EDITO : Dans le championnat des aveugles, certains ont ouvert les yeux

Par Cesco publié le 27 Mai 2019

Alors que l’on reprochait aux équipes de Serie A (à juste titre) de ne pas mettre d’intensité dans leurs matchs, se contentant du jeu éternel de la tactique pour maitriser un football qui évolue tous les jours. Cette intensité manquante s’est vue en Europe et l’écart de niveau avec l’Espagne, l’Angleterre et même l’Allemagne, s’est remarqué. L’Italie a des marges de progression et si la Juventus fait figure de borgne au royaume des aveugles, la Serie A doit s’appuyer sur la 38ème journée pour adopter un modèle de jeu différent.

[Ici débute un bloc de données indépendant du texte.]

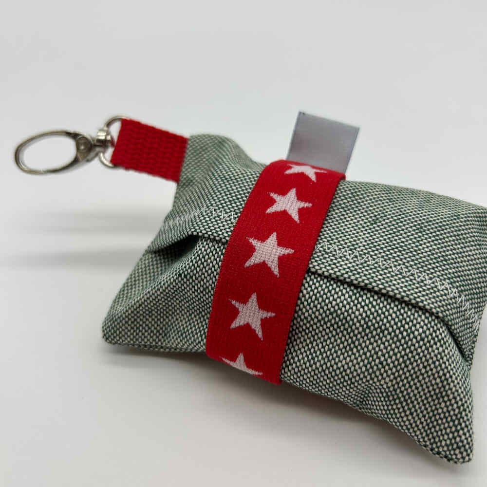 Jeder Hundebesitzer kennt das Problem: Die Befestigung und der Transport von Gassibeuteln. Mit diesem handgefertigten Tütchen-Täschchen aus wasserfestem Stoff in grün gehört dieses Problem der Vergangenheit an. Dank des Karabinerhakens können Sie das Täschchen an Ihrer Jacke, Ihrer Tasche oder der Hundeleine, einfach überall befestigen.

Sur le plateau de Sky hier, tous étaient unanimes à commencer par Fabio Capello : « cet Inter-Empoli est peut être le plus beau match de ce championnat. On a vu de l’intensité, des équipes attaquer et qui avaient vraiment envie de gagner. Ce n’était plus le même championnat le temps d’une journée. Comme quoi …« . Une déclaration que je n’ai pu qu’approuver sur mon canapé en constatant le comportement des joueurs pendant le match. Même constat pour le Milan AC face à la SPAL ou encore l’Atalanta face à Sassuolo. Les équipes italiennes et leurs coachs doivent arrêter de réfléchir aux logiques d’épiceries. Allegri en tête de file, qui pour ce style indigent et insuffisant a vu son contrat stoppé avec la Juve, les coachs italiens doivent désormais évoluer vers un jeu plus rapide, plus intense. Sans pour autant renier l’identité italienne que je défends depuis longtemps, à savoir une défense solide et une capacité à partir en contre rapidement et avec réalisme. Peut-être qu’avec les expériences acquises en Angleterre, et si leurs retours s’avèrent factuels et réels, Antonio Conte et Maurizio Sarri y arriveront. On attend que ça.

La saison tire donc le rideau sur une année folle avec un Milan AC qui reste une nouvelle fois à quai. Si la déception est compréhensible, cette non-qualification pour la Champions League est peut-être un mal pour un bien. Le club doit se reconstruire patiemment et avec de nouvelles bases. Les dernières années ont été terribles sur le plan financier et en coulisses. Il faut de la stabilité et avant tout un accord avec l’UEFA concernant le Fair-Play financier. Jouer une C1 avec une limitation d’effectif et une amende lourde n’aurait pas de sens, surtout que l’Inter et l’AS Roma étaient prêtes à saisir le TAS. Nous aurons donc la Juventus, le Napoli, l’Inter et surtout l’Atalanta, digne représentante du football non renié, du jeu pour le jeu sans la peur de perdre. Le romantisme à l’état pur sans le pragmatisme, une autre Italie qui ne nous déplait pas.